The answer must be an exact reprint of the lines from the one with "在桑乔的ins上,与足球干系" through the final line of the data, with no pictures included.

SUPPLIED ENTRIES:
-*-
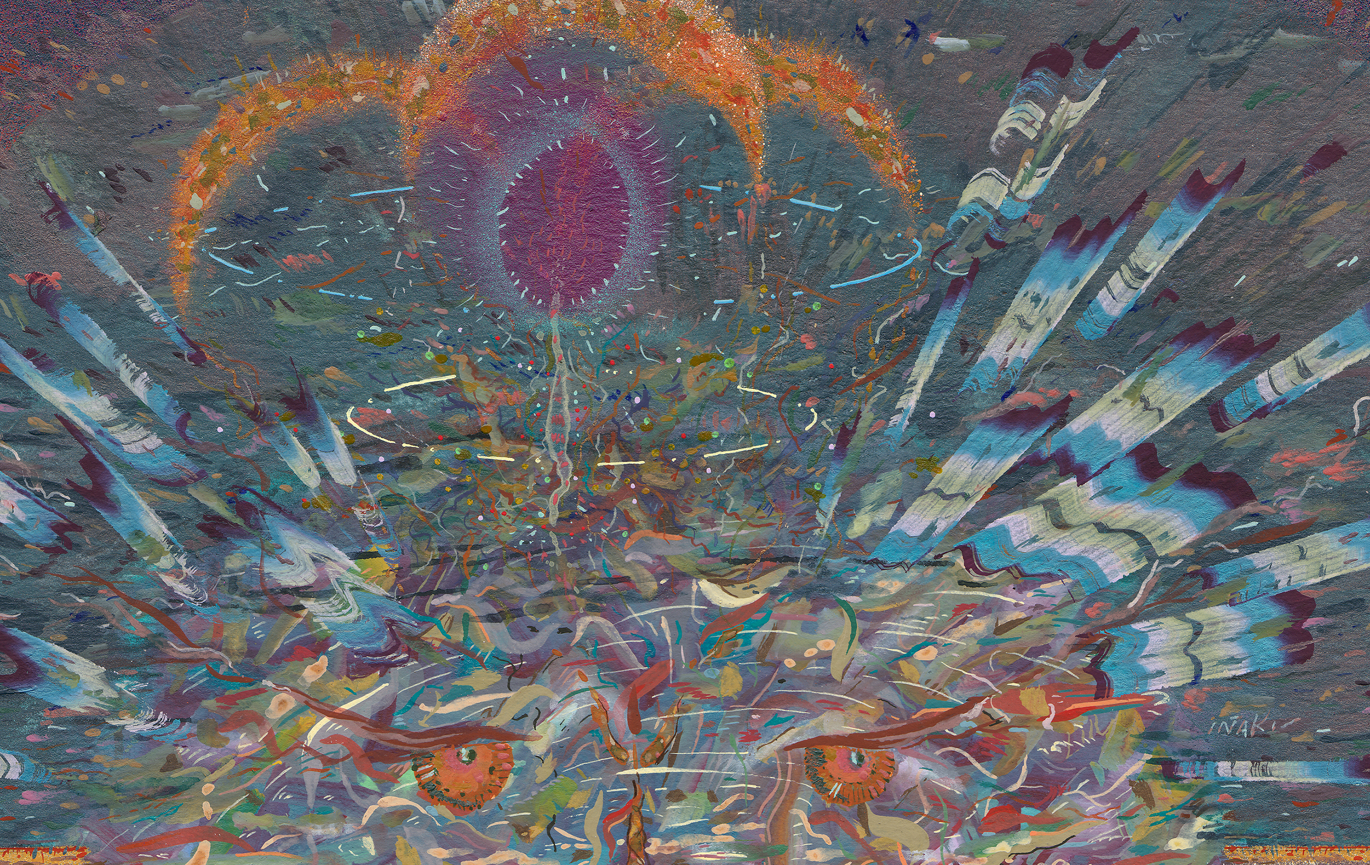 Acuarela, acrílico (pigmento y spray), gouache sobre papel Bamboo Hahnemuhle de 265 gr.
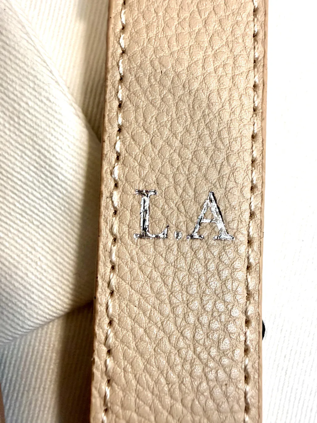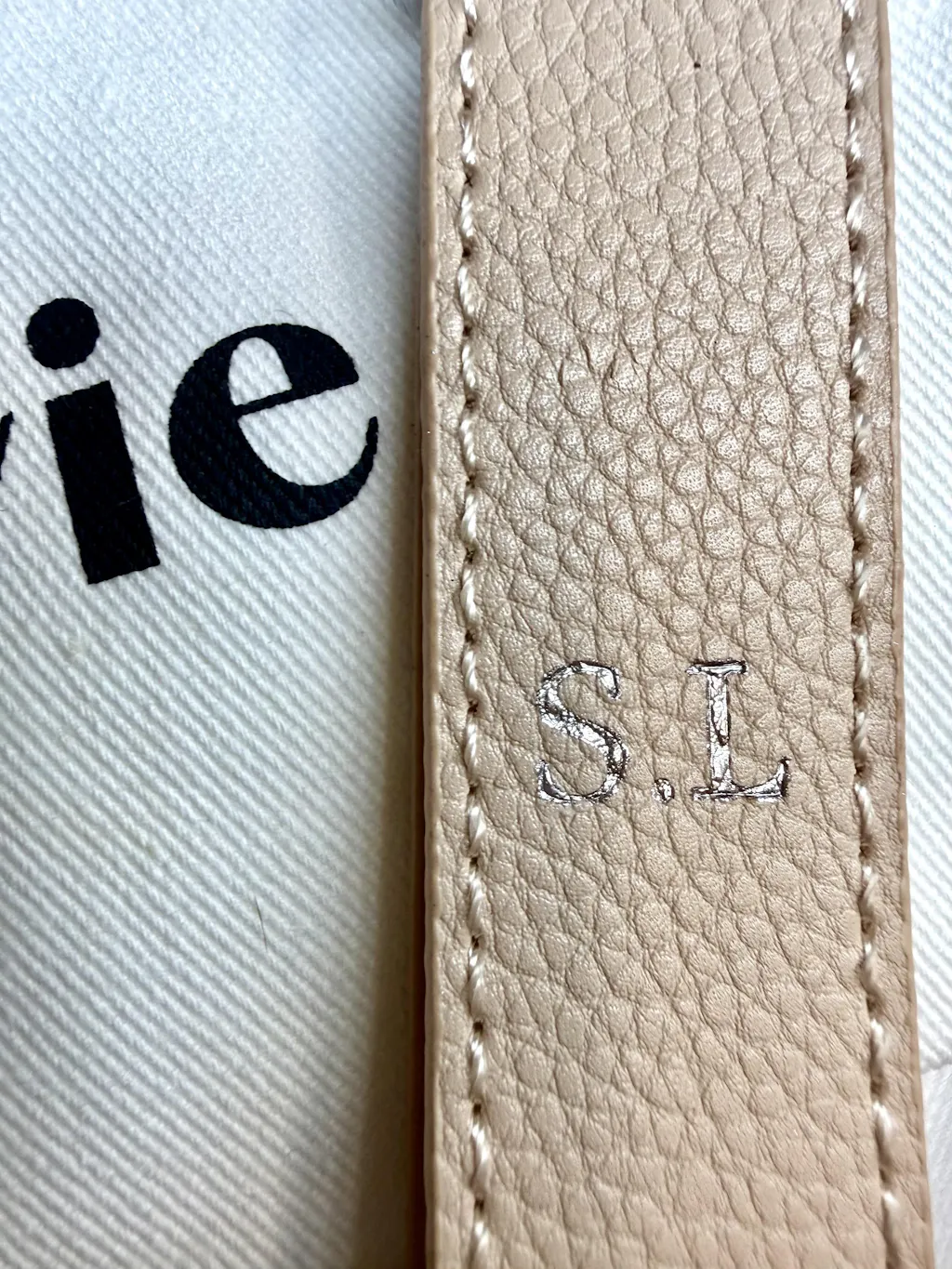 מגן עור בז' עם ארנק כרטיסים מובנה + שרשרת בד בז' מתכווננת טומי (סוגר זהב)
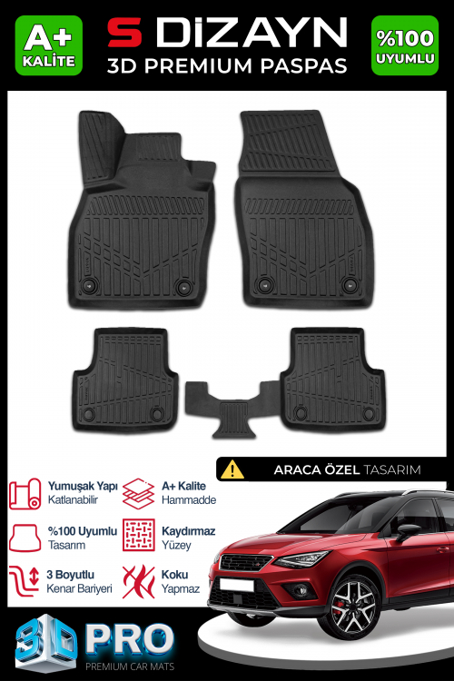 S-Dizayn Seat Arona 3D Pro Havuzlu Paspas 2017 Üzeri A+ Kalite
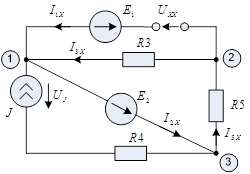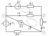 =E. Для определения напряжения на источниках тока выбирают направление напряжения Uj
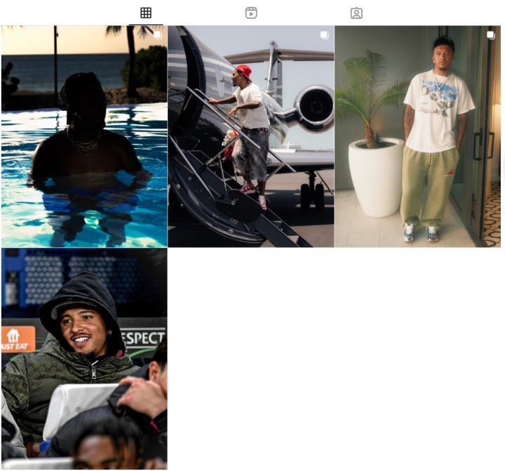 在桑乔的ins上,与足球干系的社媒险些还是沿途被掩饰,只留住了一张切尔西时辰坐在替补席上的像片,以及三张糊口照。
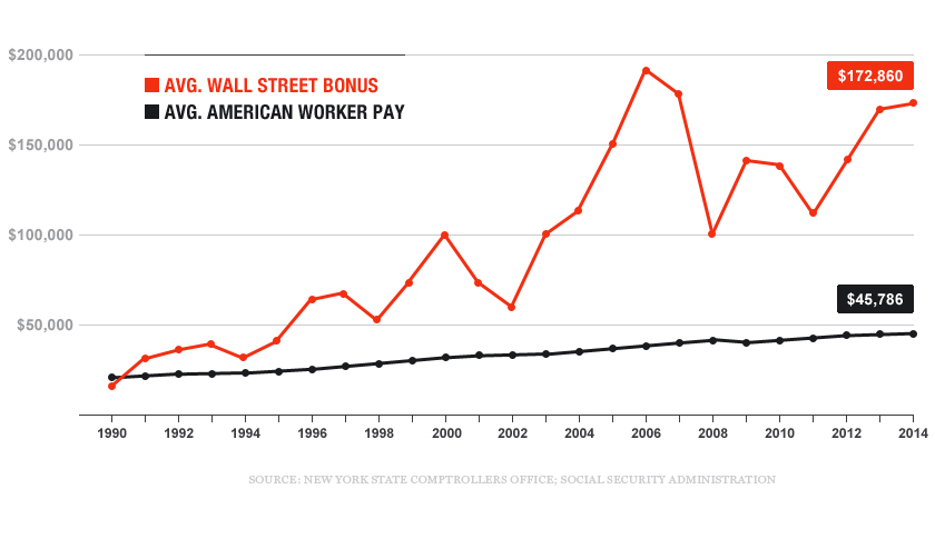 Take a look at Wall Street pay over time versus the average worker. The average Wall Street bonus last year was nearly four times as large as the total pay of the average American worker. And this is just the bonus. Wall Streeters also receive base salaries, which have been growing over the years, and stocks options and other forms of deferred compensation that are not in the Comptroller’s numbers.
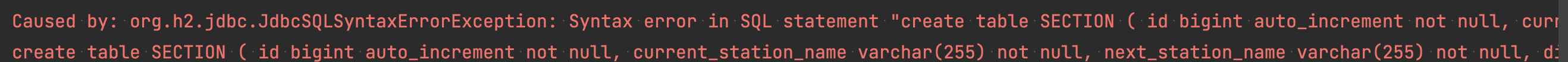 하지만 schema.sql을 읽는 중에 H2 데이터베이스에 올바르지 않은 스키마라며 계속해서 테스트가 진행되지 않았습니다.
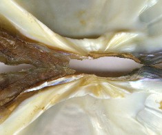 periostracum is greenish in transmitted light. The "ridge"
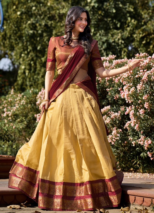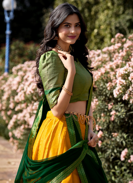 Yellow Kanchipuram Weaving Traditional Wear Lehenga Choli
-*-
ANSWER TO THIS PROBLEM:
 在桑乔的ins上,与足球干系的社媒险些还是沿途被掩饰,只留住了一张切尔西时辰坐在替补席上的像片,以及三张糊口照。
 Take a look at Wall Street pay over time versus the average worker. The average Wall Street bonus last year was nearly four times as large as the total pay of the average American worker. And this is just the bonus. Wall Streeters also receive base salaries, which have been growing over the years, and stocks options and other forms of deferred compensation that are not in the Comptroller’s numbers.
 하지만 schema.sql을 읽는 중에 H2 데이터베이스에 올바르지 않은 스키마라며 계속해서 테스트가 진행되지 않았습니다.
 periostracum is greenish in transmitted light. The "ridge"
 Yellow Kanchipuram Weaving Traditional Wear Lehenga Choli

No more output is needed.